*Task prompt:*
Return an exact copy of the lines from the one holding "Uno de los primeros" to the end of the data, including both the starting and final lines. Leave the pictures out.

*Raw data:*
---

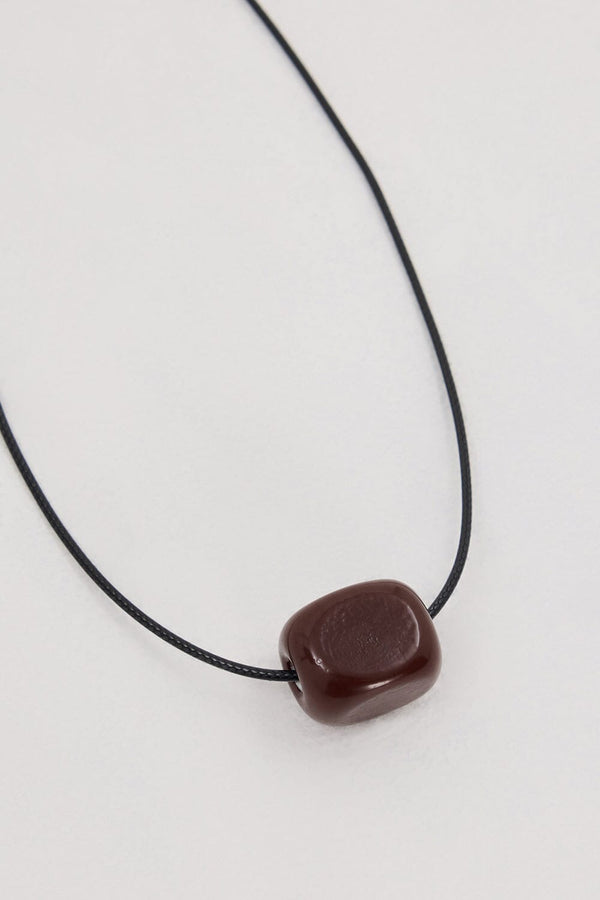 NURI STUDIO GLASS CUBE BROWN NECKLACE
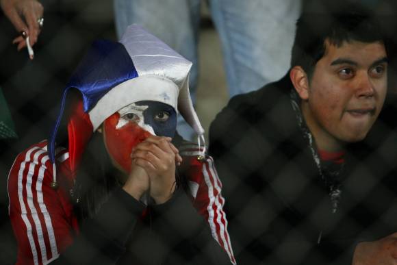 Uno de los primeros momentos de ovación fue cuando observaron por las pantallas gigantes del estadio que Brasil se quedaba afuera de la copa. Fue tan festejado como si Chile hubiera triunfado, quizás el único momento en que los tres países -Chile, Argentina y Venezuela- se unieron al ver que un "grande" se iba de la copa.
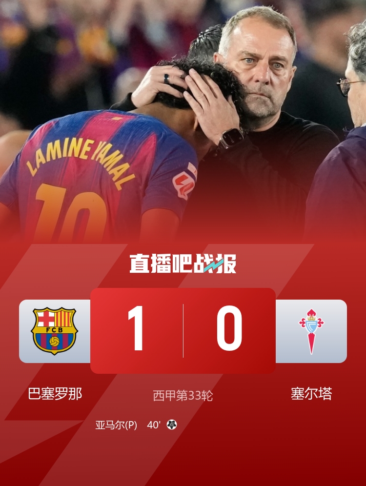 西甲第33轮,巴萨vs塞尔塔。上半场比赛尾声,亚马尔打进一粒点球,但随后他出现伤情无法坚持,被换下后直接回了更衣室。

---

*Output for this exercise:*
 Uno de los primeros momentos de ovación fue cuando observaron por las pantallas gigantes del estadio que Brasil se quedaba afuera de la copa. Fue tan festejado como si Chile hubiera triunfado, quizás el único momento en que los tres países -Chile, Argentina y Venezuela- se unieron al ver que un "grande" se iba de la copa.
 西甲第33轮,巴萨vs塞尔塔。上半场比赛尾声,亚马尔打进一粒点球,但随后他出现伤情无法坚持,被换下后直接回了更衣室。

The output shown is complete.